Can you sell a business with a pending lawsuit? Yes, though it comes with its unique set of hurdles. This article aims to guide you through the nuances of managing such a sale, from understanding the legal implications to implementing strategies that address buyers’ concerns and secure a fair deal.


Key Takeaways

  1. A pending lawsuit can substantially decrease a business’s valuation and attract fewer potential buyers due to increased uncertainty about its risk profile and earnings potential.

  2. Sellers must fully disclose any pending litigation and consult with legal experts to manage risks, ensuring that sales agreements include contingency plans like escrow arrangements and indemnification clauses for protection against lawsuit outcomes.

  3. Buyers must conduct thorough due diligence and understand the implications of successor liability, which can influence the structuring of a business acquisition to avoid inheriting the seller’s legal obligations.


business lawsuit

The Effects of a Pending Lawsuit on Business Sales


When whispers of business litigation turn into roars, the effects on a business sale can be profound. A pending lawsuit can significantly lower a business’s valuation, injecting a dose of uncertainty into its earnings potential and risk profile. The tremors of a legal challenge can also send potential buyers scurrying for cover, leading to lower offers or a vanishing pool of interested parties.

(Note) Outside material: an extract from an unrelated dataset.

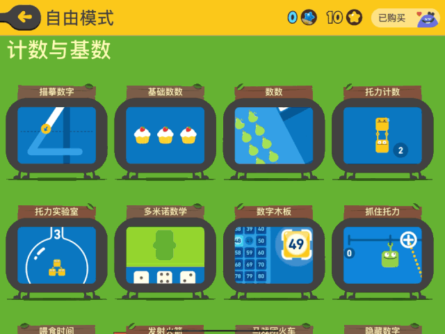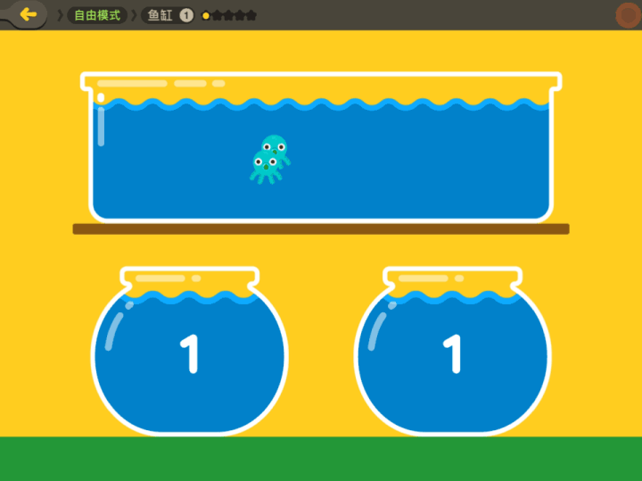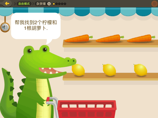 很多游戏都融入了孩子熟悉的场景,比如超市购物,养金鱼,这种情景式教学会让孩子更加有共鸣;

A delicate balance exists, as the scales of business valuation tip under the weight of potential outcomes and legal proceedings.


Financial and Reputational Consequences


The financial repercussions of pending lawsuits, including personal injury cases, and pending claims are akin to a storm on the horizon, threatening to unleash torrents of money in legal fees and settlements that can erode the foundations of a business’s financial solidity. If the litigation targets essential assets, like intellectual property, the valuation takes an even sharper hit, especially when these assets distributed are at stake.


On the reputational front, the stain of a lawsuit can linger long after any courtroom dust settles, necessitating strategic efforts to rehabilitate a company’s public image, much like Uber and Wells Fargo have done through proactive customer outreach and policy improvements.


Legal Obligations and Disclosure Requirements


A meticulous approach to disclosure is necessary when navigating the legal maze of selling a business with a pending lawsuit. Sellers must lay all cards on the table, providing extensive documentation and evidence of any pending legal proceedings. It’s a tightrope walk of compliance, where every document, and every disclosure forms the crux of a successful sale without the shadow of future liabilities.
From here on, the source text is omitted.